In the Tank for Big Labor
Obama is making union dreams come true.
Jul 19, 2010, Vol. 15, No. 41 • By PEYTON R. MILLER
Labor union membership has declined dramatically in the past six decades, from over a third of the workforce in 1945 to just 7.2 percent of private sector employees in 2009; unions are now overwhelmingly concentrated in the public sector. But organized labor continues to wield tremendous political influence. Unions spent $400 million during the 2008 elections in support of Democratic candidates, and Barack Obama has been grateful.
While the president has failed to enact the Employee Free Choice Act (EFCA)—the mother of all pro-union legislation which includes the infamous “card check” proposal to effectively eliminate the secret ballot from union elections—he has made it possible for labor leaders to implement EFCA provisions by other means. Through the National Labor Relations Board (NLRB), for instance. The NLRB conducts union elections and remedies unfair labor practices in most industries; Obama has named two pro-union members to this body—both were radical enough to require recess appointments. Stewart Acuff of the Utility Workers Union of America vowed to the Huffington Post that even if EFCA does not pass, labor leaders will work with the president’s NLRB appointees “to change the rules governing forming a union through administrative action.” The board is now considering use of remote online voting rather than in-person ballots in representation elections, which like card check could expose workers to undue influence from organizers.
An Obama appointee to the National Mediation Board, which coordinates railroad and airline labor-management relations, precipitated a rule change in May to allow approval of union representation by a majority of those voting, rather than a majority of a company’s entire workforce as in the past. The U.S. Chamber of Commerce notes that the new rule violates the Railway Labor Act, which was designed to prevent a few disgruntled employees from triggering a strike that could cripple commerce throughout the country.
President Obama has unilaterally aided unions through regulatory initiatives, which, according to Randel Johnson of the U.S. Chamber of Commerce, have mirrored the “wish list” presented to the Obama transition team by the AFL-CIO. Obama signed an executive order requiring federal contractors to inform employees of their right to organize under federal labor laws, and revoked an order that they be informed of their right to forgo joining a union or paying certain union dues.

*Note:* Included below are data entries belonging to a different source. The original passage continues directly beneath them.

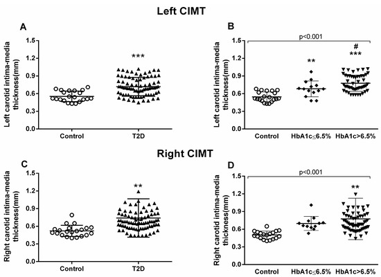Measurement of carotid intima–media thickness (CIMT). Left carotid (A,B) and right carotid (C,D) were analyzed. Differences between control and T2D groups (A,C) or between control, well-controlled (HbA1c ≤ 6.5%), and poorly controlled diabetic groups (HbA1c > 6.5%) (B,D) are shown in the graphs. Statistical analysis was performed by means of a t-test to compare two groups, and using ANOVA with a Bonferroni post-test for three groups. ** p < 0.01; *** p < 0.001 vs. control group; # p < 0.05 vs HbA1c ≤ 6.5% group.
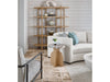 The Riverine Accent Table displays a stunning combination of a smooth marble top and an angled, oak-finished pedestal base, creating the perfect punctuation to a favorite chair or sofa.
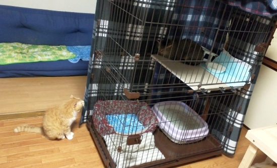 今後はリビングの先住猫たちとケージ越しに顔合わせをしてから、ケージ暮らしを卒業する予定です。
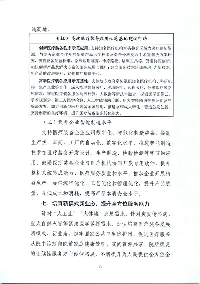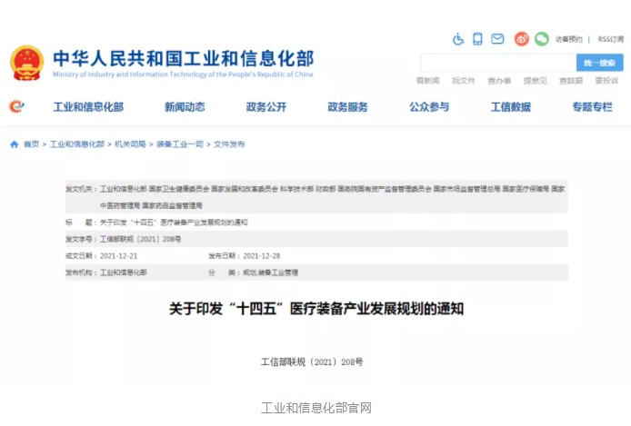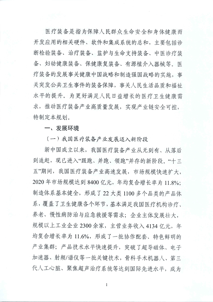 日前,工业和信息化部、国家卫生健康委员会等是部门联合印发了《“十四五”医疗装备产业发展规划》,具体内容如下:
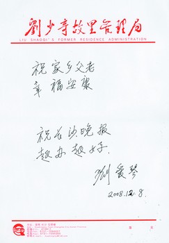 今年11月24日是劉少奇誕辰110周年,此次來(lái)參加紀(jì)念活動(dòng)以及昨日追憶活動(dòng)的劉愛(ài)琴是近五年來(lái)第一次回家鄉(xiāng)!凹亦l(xiāng)變化很大,發(fā)展也很好,如果父親看到這些變化,相信也會(huì)感到很欣慰的!眲(ài)琴說(shuō)。對(duì)家鄉(xiāng)父老,劉愛(ài)琴深深牽掛。昨日在劉少奇紀(jì)念館,劉愛(ài)琴專(zhuān)門(mén)托本報(bào)向家鄉(xiāng)父老問(wèn)好,書(shū)寫(xiě)了“祝家鄉(xiāng)父老幸福安康”,同時(shí)寄語(yǔ)本報(bào):“祝長(zhǎng)沙晚報(bào)越辦越好”。

Another executive order reflected unions’ preference for seniority-based hiring by requiring contractors to offer existing service employees first refusal of positions for which they are qualified under a new contract. Obama has precluded reimbursement of expenses contractors incur to influence employees’ decision to form a union, and relaxed union financial disclosure requirements. He strongly encouraged federal agencies to award construction contracts of more than $25 million to companies that either employ unionized workers or offer union wages and benefits, which is bound to increase the cost of government construction.
The president’s bailouts of General Motors and Chrysler subverted bankruptcy law by giving preferential treatment to the United Auto Workers over the automakers’ secured creditors. Bondholders ended up with a smaller stake than the UAW members of both companies, even though they had lent money under the contractual understanding that they would be compensated first in the event of bankruptcy.

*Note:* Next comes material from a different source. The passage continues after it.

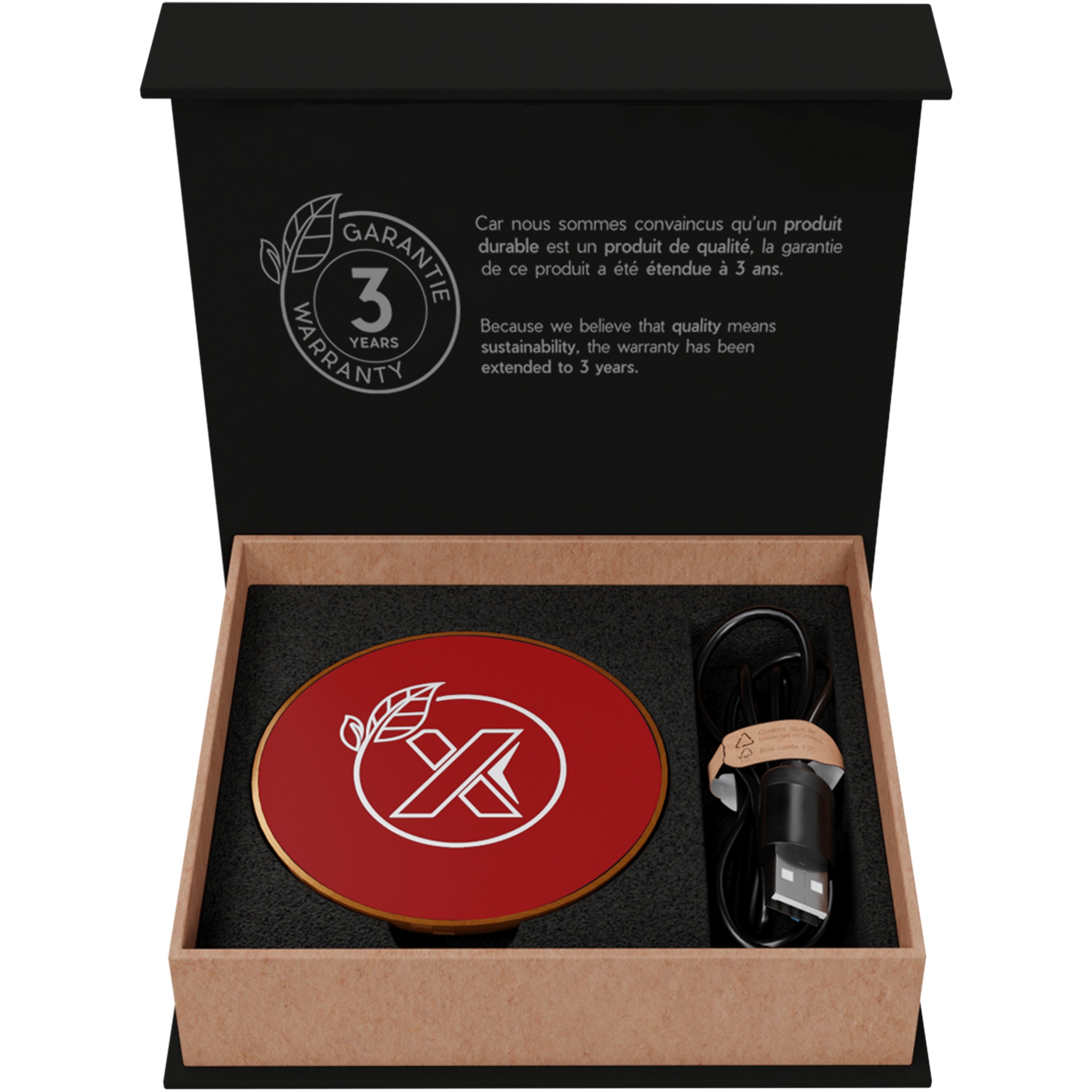 Kummist ja puidust 10W juhtmevaba laadimisjaam ning taaskasutatud PET-plastikust laadimiskaabel. Saab kaunistada valgustava logoga. Tarnitakse taaskasutatud paberist mustas kraft kinkekarbis, millel on magnetiline sulgur. Patent EUROPE EUIPO.

Big Labor has also benefited from Obama’s legislative agenda. He enacted a 35 percent tariff on Chinese tires at the behest of the United Steelworkers, fulfilled a Teamsters Union priority by canceling a program allowing Mexican trucks to carry cargo on American roads, and required that projects funded by the 2009 stimulus use U.S.-manufactured supplies.
The stimulus bill operates under the Davis-Bacon Act, which requires that employees of public works projects receive the prevailing wage in the area as determined by the Department of Labor. The regulation raises costs by putting a floor under wages for the more than 678,000 public construction jobs to be created by the end of 2010—many of which are in areas where Davis-Bacon has not previously applied. The bill also included a $53.6 billion “State Fiscal Stabilization Fund” to prevent layoffs of heavily unionized public employees.
And labor unions have not been docile since 2008. They funded a multi-million-dollar “grassroots” effort to counteract opposition to Obamacare, whose mandates and subsidies will generate new demand for health services, and thus more dues-paying union members in the health sector. As J. Justin Wilson of the Center for Union Facts points out, the activism was also part of a broader advocacy of a federal beachhead in certain industries, which allows unions to lobby the government for favorable regulations. More directly, the Democratic health care bill included a $10 billion bailout of mismanaged retiree health plans that will benefit numerous former union workers.
Just last month, Obama asked Congress for another $50 billion, on top of what the stimulus already provided, to prevent states from firing employees. While he’s stopped campaigning for EFCA, the president may yet have an opportunity to sign it in some form. AFL-CIO president Richard Trumka is determined to see card check attached to an urgent bill while Democrats still have decisive congressional majorities. Democratic leaders have indicated that the lame duck session following the November elections may be the best opportunity.
Even if no other pro-union legislation comes to pass, President Obama has more than paid off big labor’s $400 million investment, albeit at the expense of the rest of the country.
Peyton R. Miller is the editor of the Harvard Salient and a Student Free Press Association intern at The Weekly Standard.